» **Data in this exercise**
----

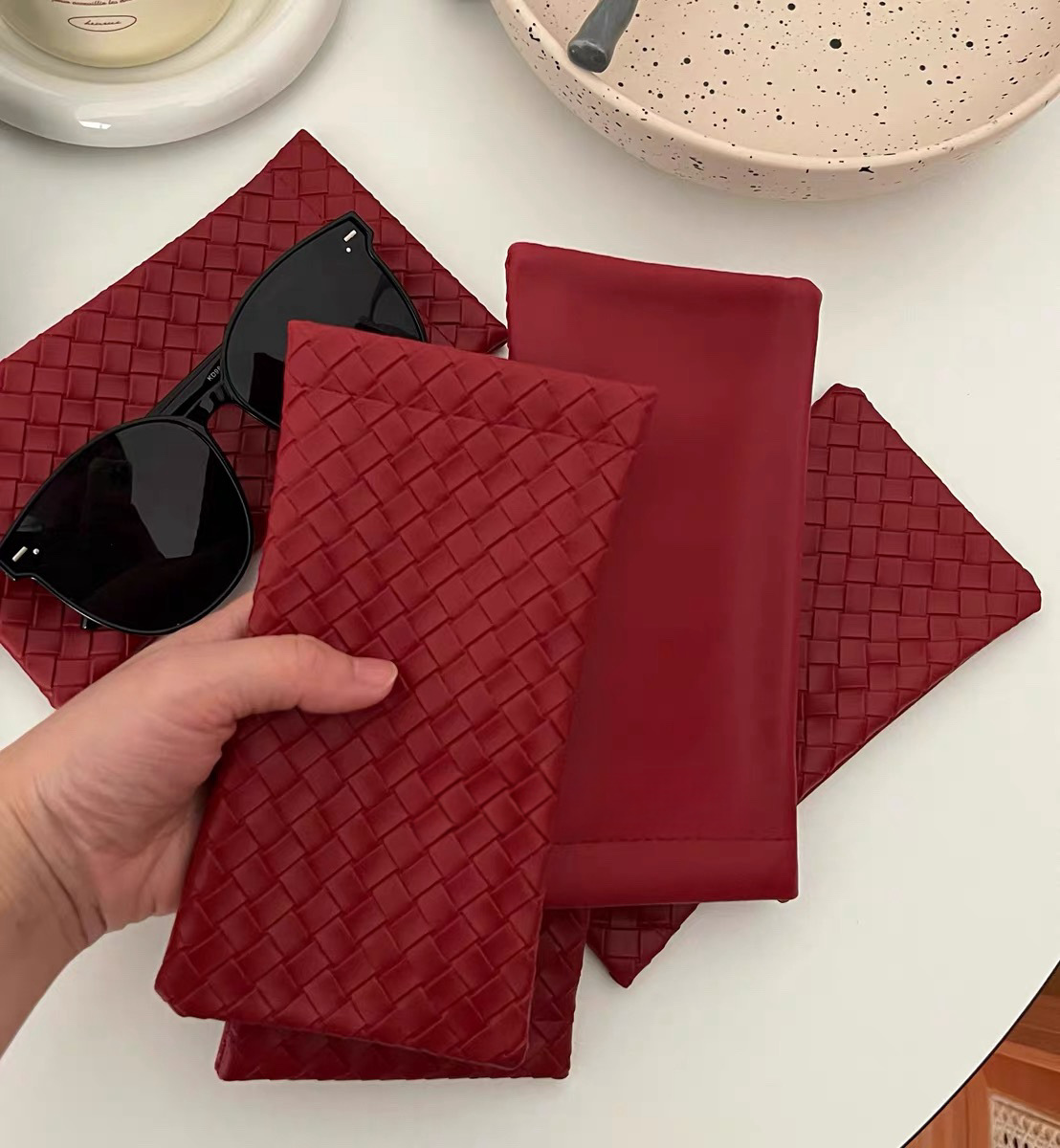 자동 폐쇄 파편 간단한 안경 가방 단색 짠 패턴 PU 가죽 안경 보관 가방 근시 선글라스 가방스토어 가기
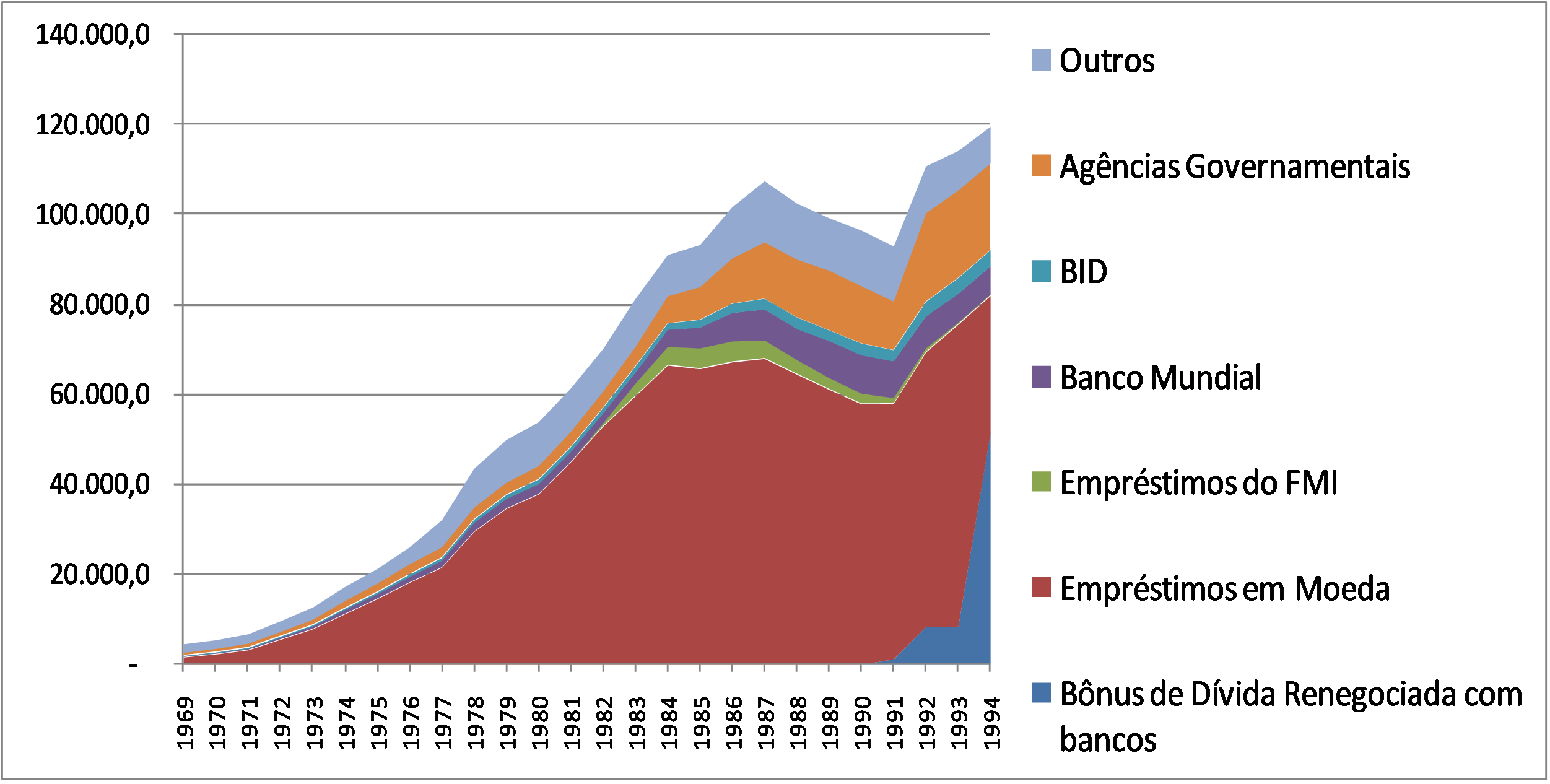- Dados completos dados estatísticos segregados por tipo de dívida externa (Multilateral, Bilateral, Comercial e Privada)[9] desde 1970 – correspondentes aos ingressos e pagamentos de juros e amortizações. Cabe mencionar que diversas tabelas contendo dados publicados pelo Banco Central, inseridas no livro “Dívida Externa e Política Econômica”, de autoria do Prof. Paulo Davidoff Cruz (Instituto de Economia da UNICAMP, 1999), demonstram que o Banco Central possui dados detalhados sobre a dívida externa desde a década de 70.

----

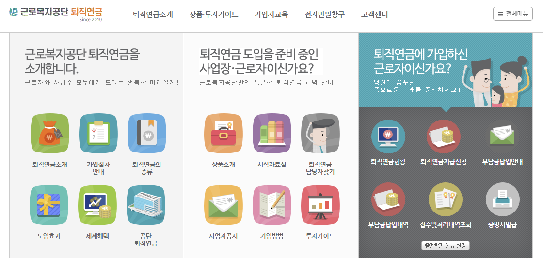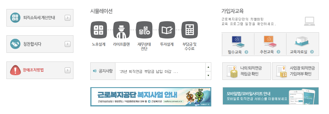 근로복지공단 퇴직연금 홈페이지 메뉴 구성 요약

----

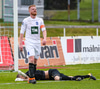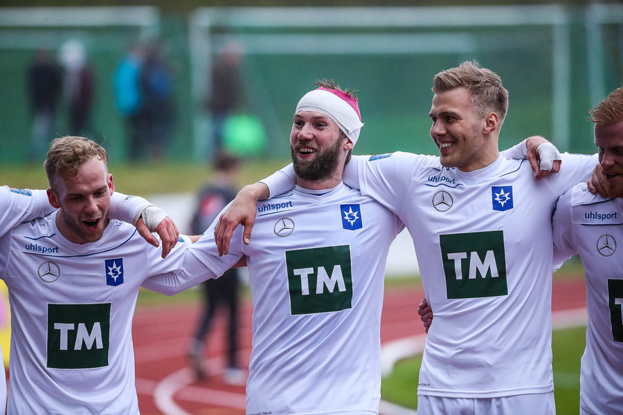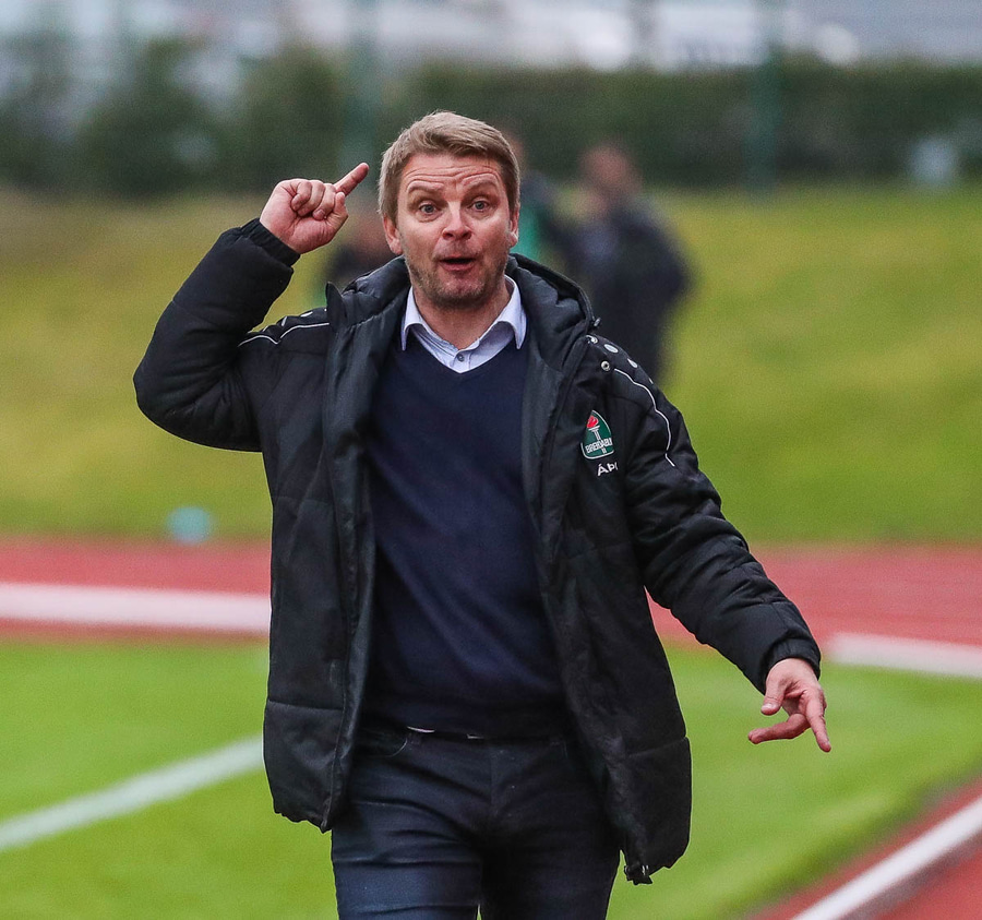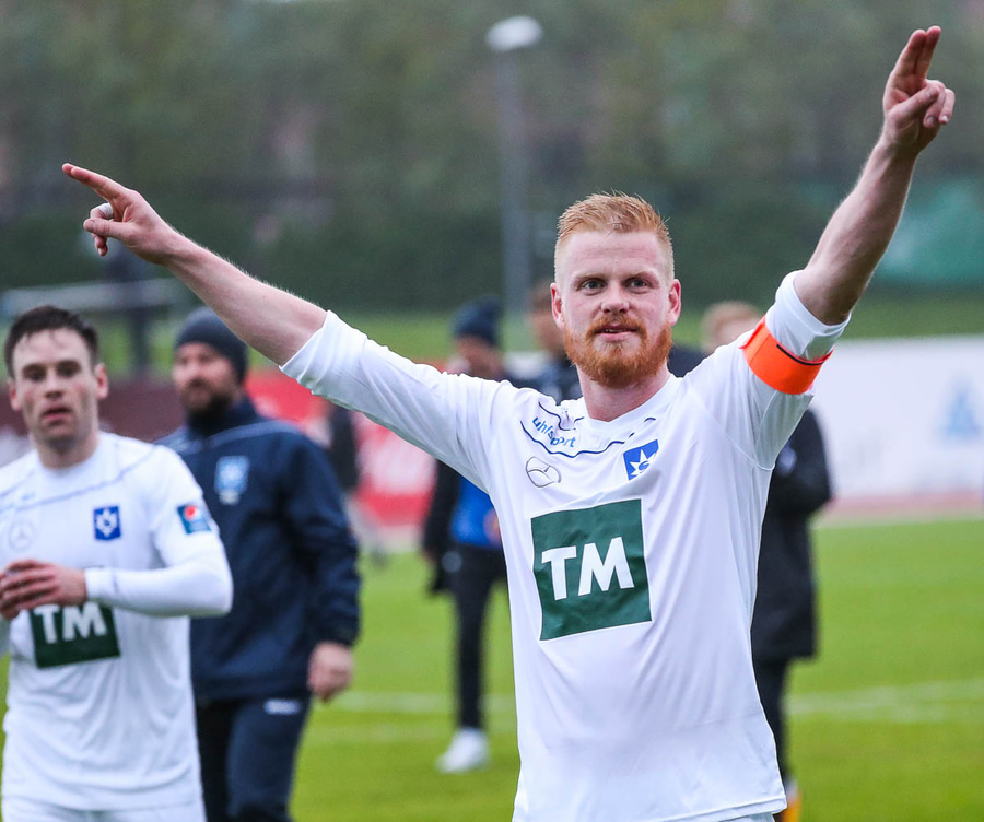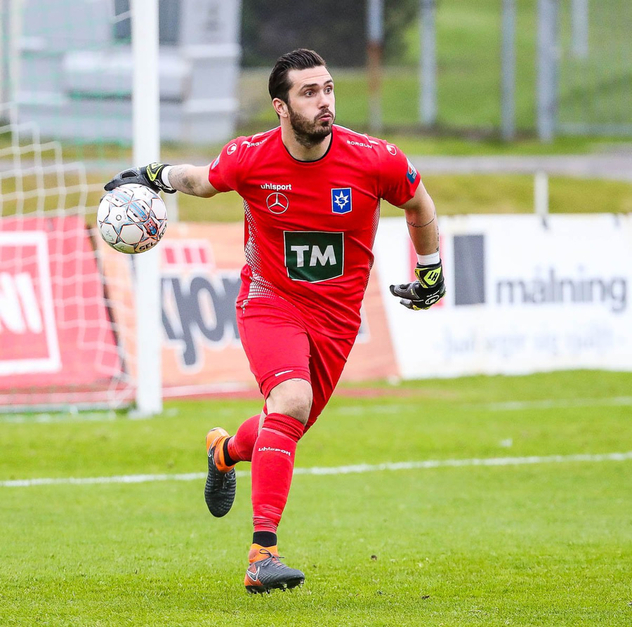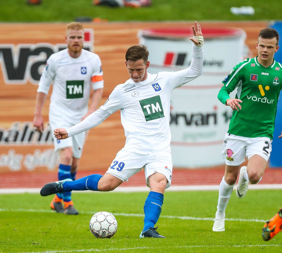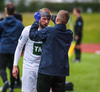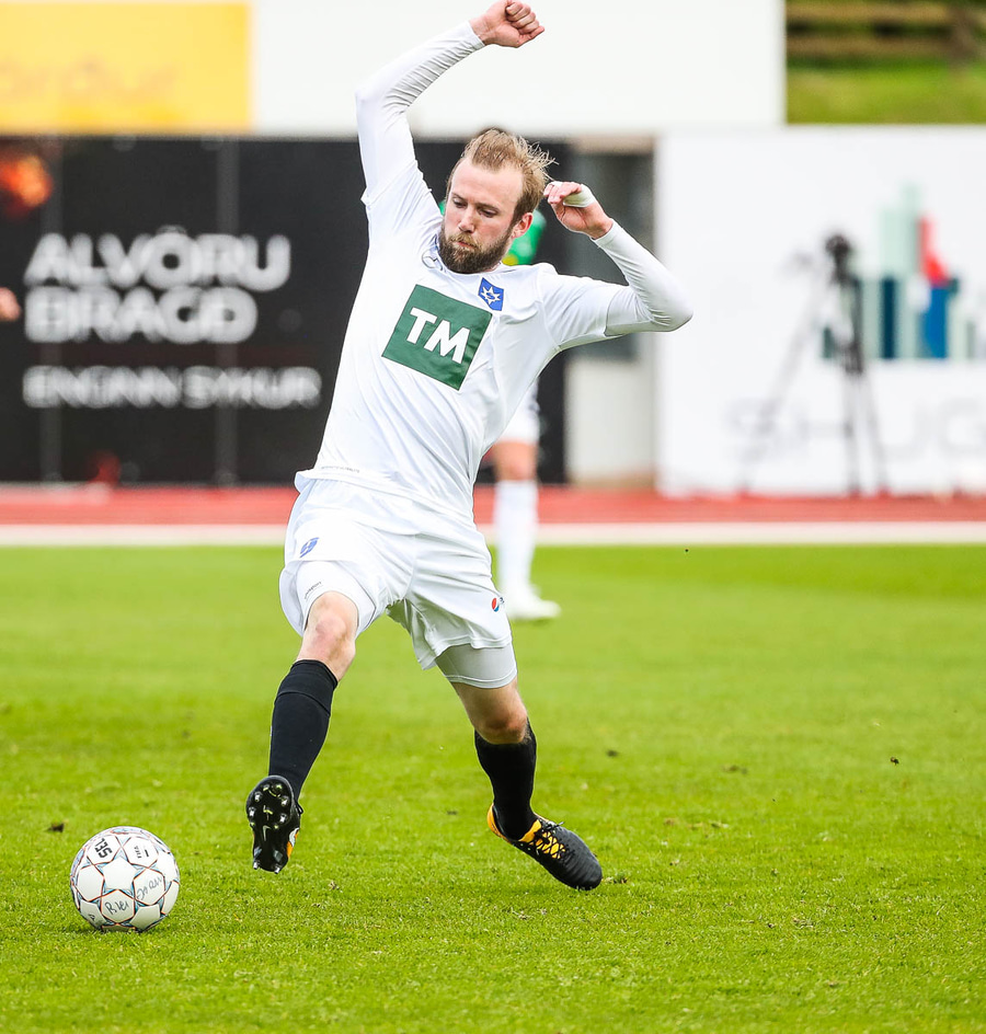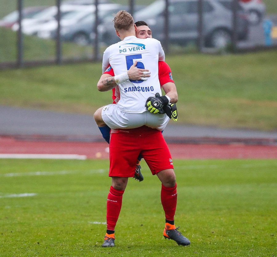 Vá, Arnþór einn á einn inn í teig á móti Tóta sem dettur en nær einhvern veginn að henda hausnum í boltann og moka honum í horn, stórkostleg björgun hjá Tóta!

----

» **Problem details**
Extract, without any images, the part of the material above that opens with the line containing "자동 폐쇄 파편 간단한" and closes with the line containing "- Dados completos", both lines included.

» **Expected answer**
 자동 폐쇄 파편 간단한 안경 가방 단색 짠 패턴 PU 가죽 안경 보관 가방 근시 선글라스 가방스토어 가기
- Dados completos dados estatísticos segregados por tipo de dívida externa (Multilateral, Bilateral, Comercial e Privada)[9] desde 1970 – correspondentes aos ingressos e pagamentos de juros e amortizações. Cabe mencionar que diversas tabelas contendo dados publicados pelo Banco Central, inseridas no livro “Dívida Externa e Política Econômica”, de autoria do Prof. Paulo Davidoff Cruz (Instituto de Economia da UNICAMP, 1999), demonstram que o Banco Central possui dados detalhados sobre a dívida externa desde a década de 70.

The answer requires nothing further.